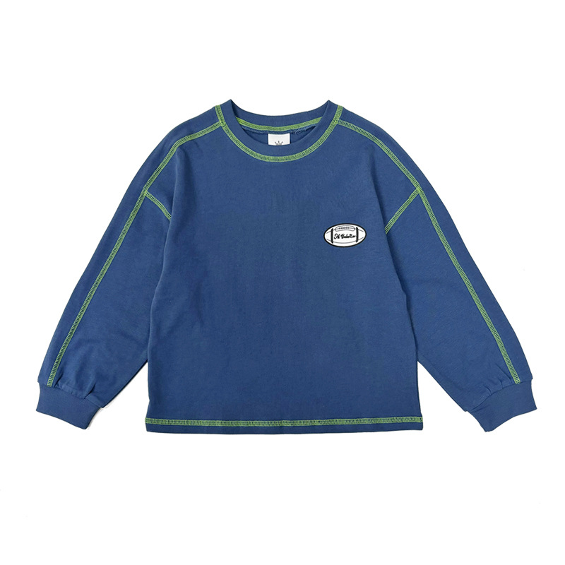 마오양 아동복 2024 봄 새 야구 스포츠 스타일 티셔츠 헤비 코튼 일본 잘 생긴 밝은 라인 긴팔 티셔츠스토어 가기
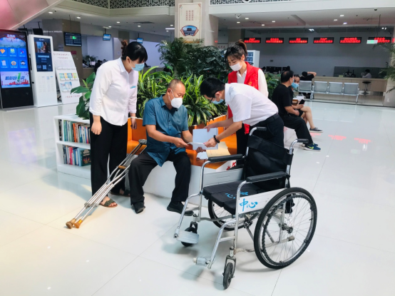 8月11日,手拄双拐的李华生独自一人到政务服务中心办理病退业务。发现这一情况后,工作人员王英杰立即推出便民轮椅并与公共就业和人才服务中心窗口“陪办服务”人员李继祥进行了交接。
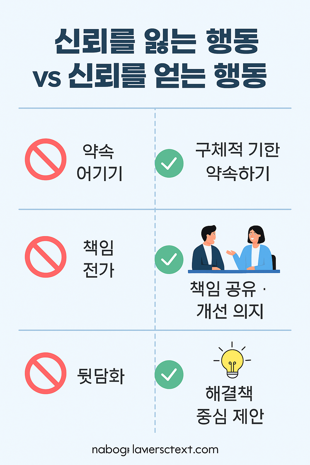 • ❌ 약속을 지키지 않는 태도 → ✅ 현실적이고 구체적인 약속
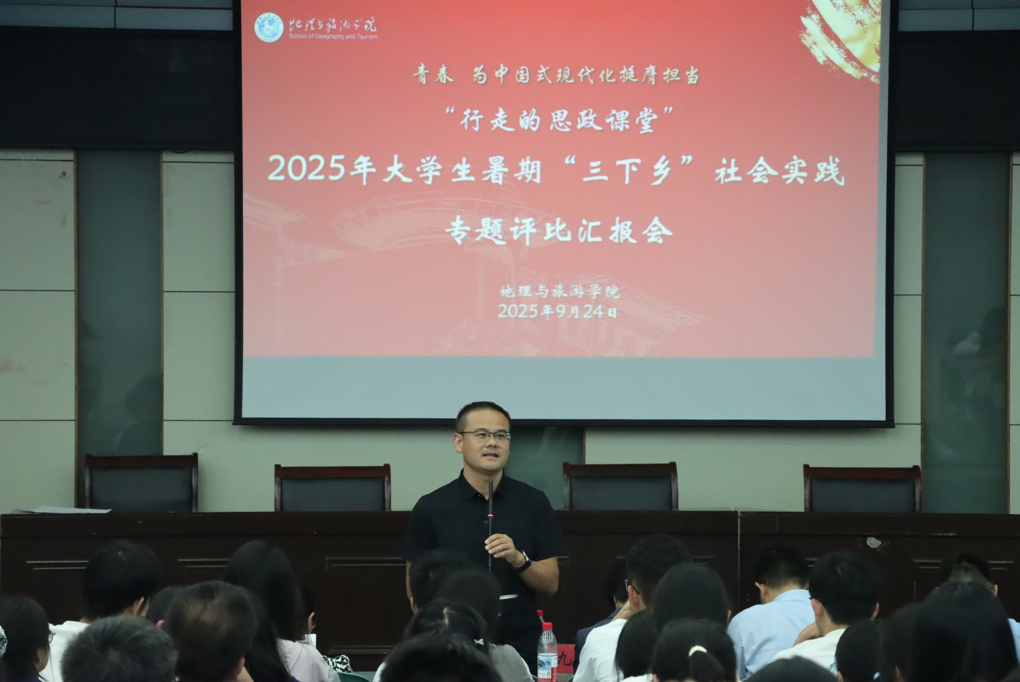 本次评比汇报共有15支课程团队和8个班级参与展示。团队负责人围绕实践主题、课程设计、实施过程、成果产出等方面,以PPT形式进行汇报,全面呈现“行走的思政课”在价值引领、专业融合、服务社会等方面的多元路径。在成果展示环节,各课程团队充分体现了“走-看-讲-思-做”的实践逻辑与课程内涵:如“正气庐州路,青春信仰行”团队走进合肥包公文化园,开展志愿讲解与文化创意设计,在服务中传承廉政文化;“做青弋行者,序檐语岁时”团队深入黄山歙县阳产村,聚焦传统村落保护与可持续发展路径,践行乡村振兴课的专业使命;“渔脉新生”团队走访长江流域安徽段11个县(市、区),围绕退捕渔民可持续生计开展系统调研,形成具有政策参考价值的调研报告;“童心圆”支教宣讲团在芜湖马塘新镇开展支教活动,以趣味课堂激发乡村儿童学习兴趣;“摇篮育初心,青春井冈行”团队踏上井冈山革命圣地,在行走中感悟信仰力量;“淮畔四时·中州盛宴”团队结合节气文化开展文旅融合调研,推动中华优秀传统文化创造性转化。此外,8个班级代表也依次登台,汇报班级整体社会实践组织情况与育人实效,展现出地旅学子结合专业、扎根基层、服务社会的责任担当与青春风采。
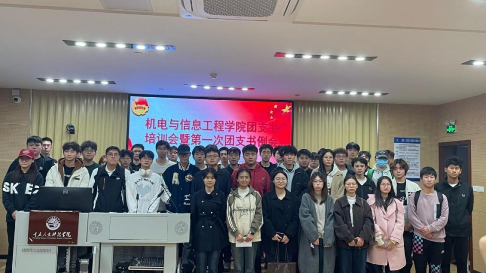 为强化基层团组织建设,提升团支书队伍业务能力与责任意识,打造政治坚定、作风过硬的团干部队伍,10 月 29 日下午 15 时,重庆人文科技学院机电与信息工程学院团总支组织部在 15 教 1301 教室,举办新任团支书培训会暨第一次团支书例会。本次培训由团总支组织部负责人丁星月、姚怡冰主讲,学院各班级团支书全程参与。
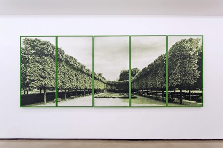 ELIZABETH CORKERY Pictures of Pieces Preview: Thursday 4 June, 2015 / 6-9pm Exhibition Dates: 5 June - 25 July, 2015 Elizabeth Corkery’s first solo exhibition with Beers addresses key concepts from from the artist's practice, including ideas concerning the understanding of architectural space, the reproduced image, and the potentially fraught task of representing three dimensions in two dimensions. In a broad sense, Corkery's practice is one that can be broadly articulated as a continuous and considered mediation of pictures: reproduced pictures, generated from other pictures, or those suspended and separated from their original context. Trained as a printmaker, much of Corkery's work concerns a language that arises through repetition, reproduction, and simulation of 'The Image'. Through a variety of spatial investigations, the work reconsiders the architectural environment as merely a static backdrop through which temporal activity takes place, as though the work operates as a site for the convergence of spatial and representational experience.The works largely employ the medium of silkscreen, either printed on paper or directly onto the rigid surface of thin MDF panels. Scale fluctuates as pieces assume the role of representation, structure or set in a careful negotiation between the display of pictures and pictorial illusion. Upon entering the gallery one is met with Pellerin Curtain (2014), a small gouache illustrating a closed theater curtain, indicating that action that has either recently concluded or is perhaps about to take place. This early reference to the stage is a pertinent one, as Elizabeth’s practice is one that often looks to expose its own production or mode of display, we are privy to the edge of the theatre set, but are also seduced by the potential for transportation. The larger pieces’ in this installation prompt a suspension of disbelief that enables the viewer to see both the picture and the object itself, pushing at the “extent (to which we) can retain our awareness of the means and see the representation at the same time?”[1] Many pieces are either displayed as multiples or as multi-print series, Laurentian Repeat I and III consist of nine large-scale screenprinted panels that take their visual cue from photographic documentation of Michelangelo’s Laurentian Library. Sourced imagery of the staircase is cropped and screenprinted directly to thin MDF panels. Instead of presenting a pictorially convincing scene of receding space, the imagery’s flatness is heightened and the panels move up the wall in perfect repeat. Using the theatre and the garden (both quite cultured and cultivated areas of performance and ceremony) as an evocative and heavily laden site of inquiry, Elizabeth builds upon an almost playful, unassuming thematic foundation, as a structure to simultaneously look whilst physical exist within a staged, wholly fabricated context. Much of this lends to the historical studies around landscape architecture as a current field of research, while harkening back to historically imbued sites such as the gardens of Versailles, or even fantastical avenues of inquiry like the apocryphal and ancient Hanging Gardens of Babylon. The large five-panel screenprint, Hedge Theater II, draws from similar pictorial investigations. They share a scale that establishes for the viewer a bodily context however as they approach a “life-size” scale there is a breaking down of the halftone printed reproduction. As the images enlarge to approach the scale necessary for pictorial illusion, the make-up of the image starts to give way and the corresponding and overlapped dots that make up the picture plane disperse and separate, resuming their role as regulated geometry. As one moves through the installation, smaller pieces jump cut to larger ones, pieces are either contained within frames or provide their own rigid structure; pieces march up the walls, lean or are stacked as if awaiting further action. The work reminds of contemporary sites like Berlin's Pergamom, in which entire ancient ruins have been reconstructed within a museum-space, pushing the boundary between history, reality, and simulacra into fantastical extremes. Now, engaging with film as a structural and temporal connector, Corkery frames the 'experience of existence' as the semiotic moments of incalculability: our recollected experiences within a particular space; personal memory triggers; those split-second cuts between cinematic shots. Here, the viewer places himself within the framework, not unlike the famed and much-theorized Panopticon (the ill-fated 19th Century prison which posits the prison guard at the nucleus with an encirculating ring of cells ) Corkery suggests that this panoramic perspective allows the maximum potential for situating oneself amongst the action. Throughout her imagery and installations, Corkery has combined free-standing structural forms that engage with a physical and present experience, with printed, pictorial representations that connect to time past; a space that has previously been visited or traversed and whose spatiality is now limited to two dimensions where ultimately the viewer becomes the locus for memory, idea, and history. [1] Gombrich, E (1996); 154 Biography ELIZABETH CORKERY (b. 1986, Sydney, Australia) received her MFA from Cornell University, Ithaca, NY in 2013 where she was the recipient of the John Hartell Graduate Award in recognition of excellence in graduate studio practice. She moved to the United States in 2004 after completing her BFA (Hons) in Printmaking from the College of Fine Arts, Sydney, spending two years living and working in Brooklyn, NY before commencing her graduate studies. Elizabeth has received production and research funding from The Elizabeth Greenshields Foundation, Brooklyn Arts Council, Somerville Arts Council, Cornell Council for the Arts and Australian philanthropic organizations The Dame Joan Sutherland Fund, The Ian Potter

= = =

Exercise description:
Word for word, write out the lines above running from the one with "本次评比汇报共有15支课程团" up to and including the one with "为强化基层团组织建设,提升团支书队伍业务能力与责任意识,打造政治坚定、作风过硬的团干部队伍,10 月 29". Drop any picture.

Answer box:
 本次评比汇报共有15支课程团队和8个班级参与展示。团队负责人围绕实践主题、课程设计、实施过程、成果产出等方面,以PPT形式进行汇报,全面呈现“行走的思政课”在价值引领、专业融合、服务社会等方面的多元路径。在成果展示环节,各课程团队充分体现了“走-看-讲-思-做”的实践逻辑与课程内涵:如“正气庐州路,青春信仰行”团队走进合肥包公文化园,开展志愿讲解与文化创意设计,在服务中传承廉政文化;“做青弋行者,序檐语岁时”团队深入黄山歙县阳产村,聚焦传统村落保护与可持续发展路径,践行乡村振兴课的专业使命;“渔脉新生”团队走访长江流域安徽段11个县(市、区),围绕退捕渔民可持续生计开展系统调研,形成具有政策参考价值的调研报告;“童心圆”支教宣讲团在芜湖马塘新镇开展支教活动,以趣味课堂激发乡村儿童学习兴趣;“摇篮育初心,青春井冈行”团队踏上井冈山革命圣地,在行走中感悟信仰力量;“淮畔四时·中州盛宴”团队结合节气文化开展文旅融合调研,推动中华优秀传统文化创造性转化。此外,8个班级代表也依次登台,汇报班级整体社会实践组织情况与育人实效,展现出地旅学子结合专业、扎根基层、服务社会的责任担当与青春风采。
 为强化基层团组织建设,提升团支书队伍业务能力与责任意识,打造政治坚定、作风过硬的团干部队伍,10 月 29 日下午 15 时,重庆人文科技学院机电与信息工程学院团总支组织部在 15 教 1301 教室,举办新任团支书培训会暨第一次团支书例会。本次培训由团总支组织部负责人丁星月、姚怡冰主讲,学院各班级团支书全程参与。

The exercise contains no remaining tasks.